_Task statement:_
Copy, word for word, the lines below from the one containing "Efficiently remove wrinkles" up to and including the one containing "Грунт-Эмаль 3в1 MALARE", with pictures left out.

_Available data:_

· · · ·

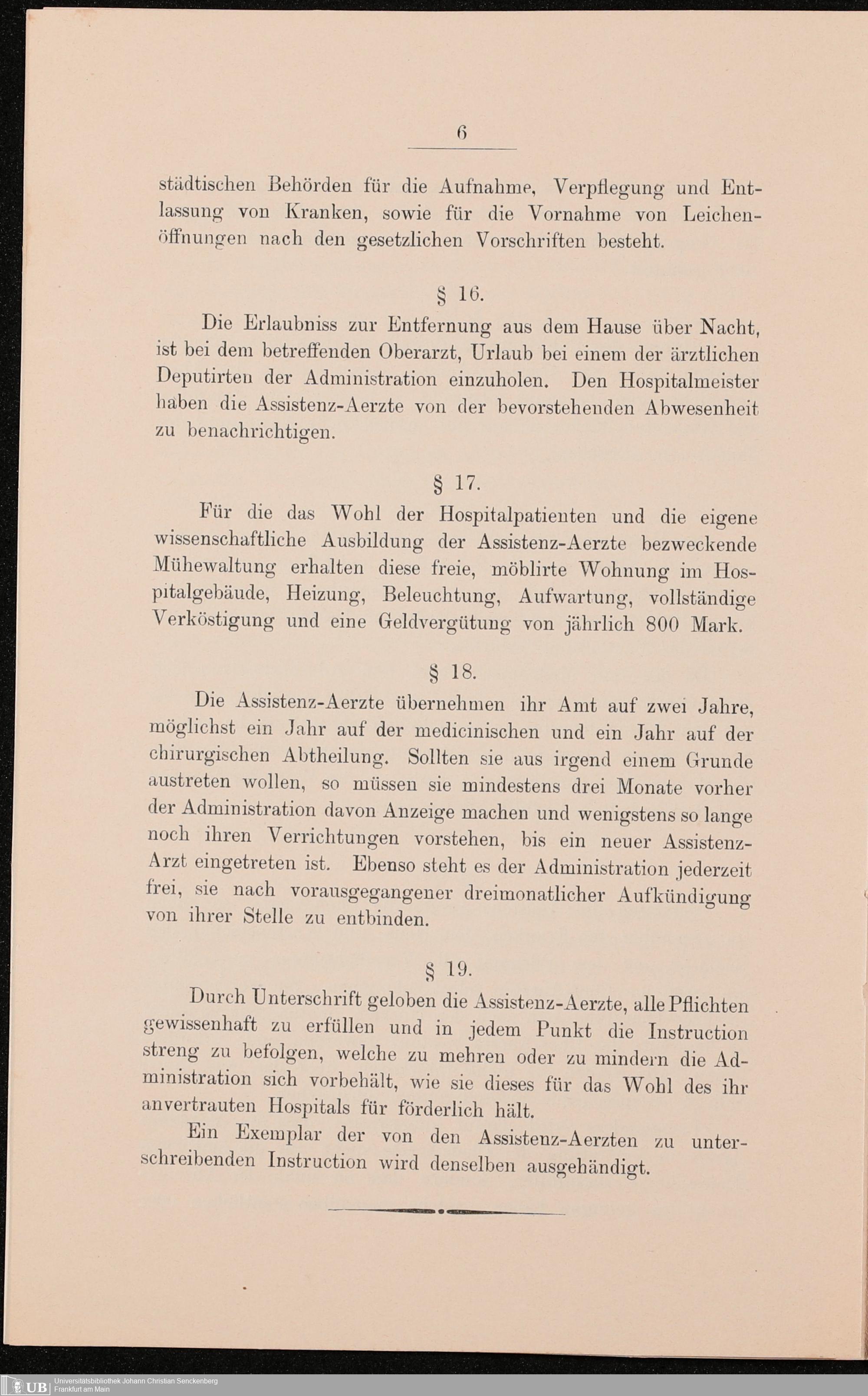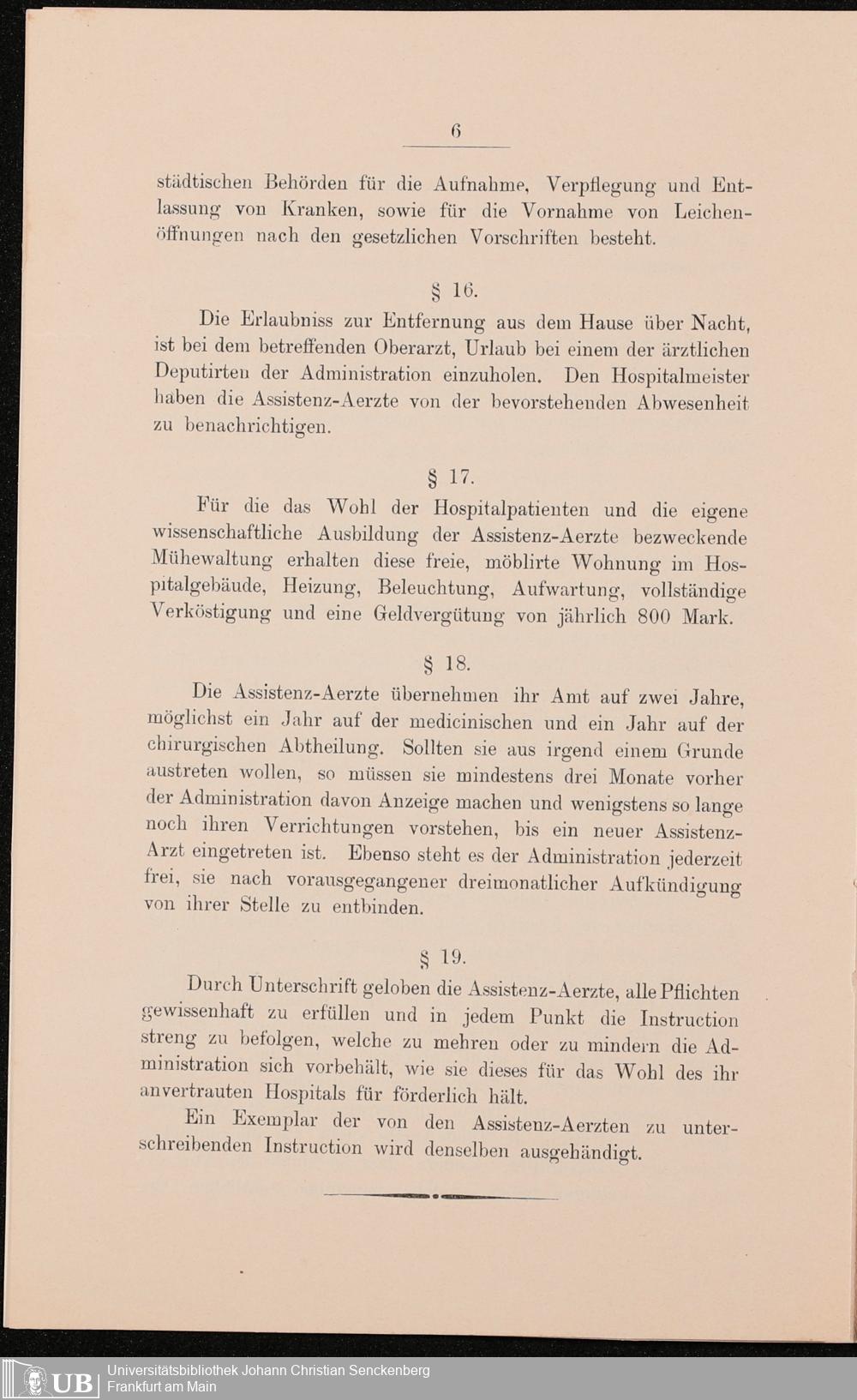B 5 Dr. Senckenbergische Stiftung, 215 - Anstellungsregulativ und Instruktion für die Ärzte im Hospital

· · · ·

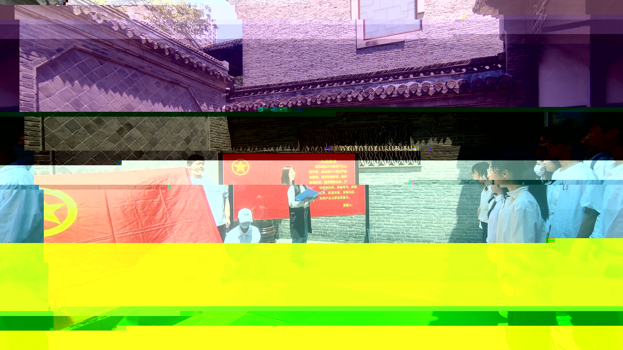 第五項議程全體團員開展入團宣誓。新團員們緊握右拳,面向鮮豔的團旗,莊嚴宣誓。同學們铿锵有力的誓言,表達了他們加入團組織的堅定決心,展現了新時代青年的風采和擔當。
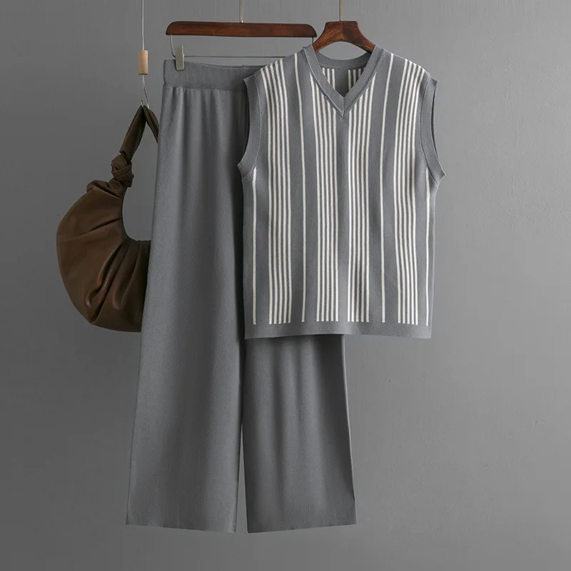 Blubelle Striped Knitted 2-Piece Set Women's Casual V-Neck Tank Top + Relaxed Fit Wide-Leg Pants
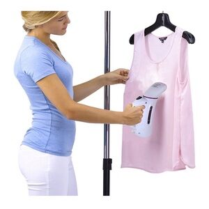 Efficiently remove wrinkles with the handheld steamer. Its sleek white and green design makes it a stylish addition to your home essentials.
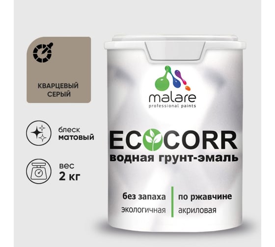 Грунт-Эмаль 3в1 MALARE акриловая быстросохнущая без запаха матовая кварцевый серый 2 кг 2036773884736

· · · ·

_The answer:_
 Efficiently remove wrinkles with the handheld steamer. Its sleek white and green design makes it a stylish addition to your home essentials.
 Грунт-Эмаль 3в1 MALARE акриловая быстросохнущая без запаха матовая кварцевый серый 2 кг 2036773884736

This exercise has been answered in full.